Ontario to ban pro-life witness outside abortion clinics
TORONTO, Ontario, October 4, 2017 (LifeSiteNews) – The Ontario Liberal government introduced a bill today to outlaw pro-life witness outside abortion centers across the province.
“In an increasingly polarized society, it is critical that we protect a woman’s right to choose,” Attorney General Yasir Naqvi said in a press conference Wednesday before tabling Bill 163 at Queen’s Park.
“It is critical those protections be enshrined in law to ensure that they cannot be rolled back,” he said.
The far-reaching proposed law would ban pro-life activity within 50 meters of the province’s eight “dedicated” abortion centers, a distance that could be increased to 150 meters on request.
If an abortion facility moved, the bubble zone would move with it.
The proposed law would also establish a 150-meter bubble zone around the homes of all abortionists and abortion center staff, Naqvi said.
That zone would move with the abortion providers, to “protect” them wherever they are, he said.
Campaign Life Coalition, Canada’s national political lobbying group and the country’s largest pro-life organization, says the proposed law will hurt women.
The Liberals are “mounting an attack on women by seeking to prevent pro-lifers from offering mothers accurate information and alternatives to the violence of abortion, said Campaign Life president Jim Hughes.
“Bubble zone legislation isn’t about protecting women and abortion staff workers from violence, because there is no evidence of such violence,” he added.

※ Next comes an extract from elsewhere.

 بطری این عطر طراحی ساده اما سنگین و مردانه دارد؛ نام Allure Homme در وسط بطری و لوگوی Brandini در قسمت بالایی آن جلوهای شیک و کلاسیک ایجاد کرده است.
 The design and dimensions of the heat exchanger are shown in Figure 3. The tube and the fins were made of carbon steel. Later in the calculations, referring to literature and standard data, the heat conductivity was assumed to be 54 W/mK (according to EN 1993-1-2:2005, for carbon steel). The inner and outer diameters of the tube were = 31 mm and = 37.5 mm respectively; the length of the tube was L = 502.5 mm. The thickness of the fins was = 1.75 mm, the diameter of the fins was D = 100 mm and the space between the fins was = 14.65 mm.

Hughes said the proposed law is “about silencing peaceful pro-life witnessing and preventing women from having access to alternatives.”

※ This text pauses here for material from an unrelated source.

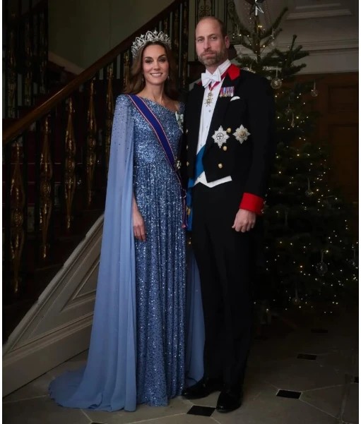 43 წლის ქეით მიდლტონი ბანკეტზე ბრჭყვიალა კაბითა და „ჯენი პეკჰამის“ მოსასხამით გამოჩნდა, თუმცა ყველაზე დიდი ყურადღება დედოფალ ვიქტორიას კოლექციიდან იშვიათმა დიადემამ მიიპყრო.

Mary Ellen Douglas, Campaign Life’s Ontario president, echoed Hughes’ concerns.
“This is another attempt by the Wynne government to do the abortion industry’s dirty work, by preventing people who care deeply about women and their pre-born children from providing them help and support,” she said.
Campaign Life is urging pro-life advocates to lobby their MPPs to stand up for the freedom of speech of all Ontarians and to not cave to the abortion industry’s demands.
The bill would also allow other healthcare locations that provide abortion — including the abortion pill — to apply for a bubble zone.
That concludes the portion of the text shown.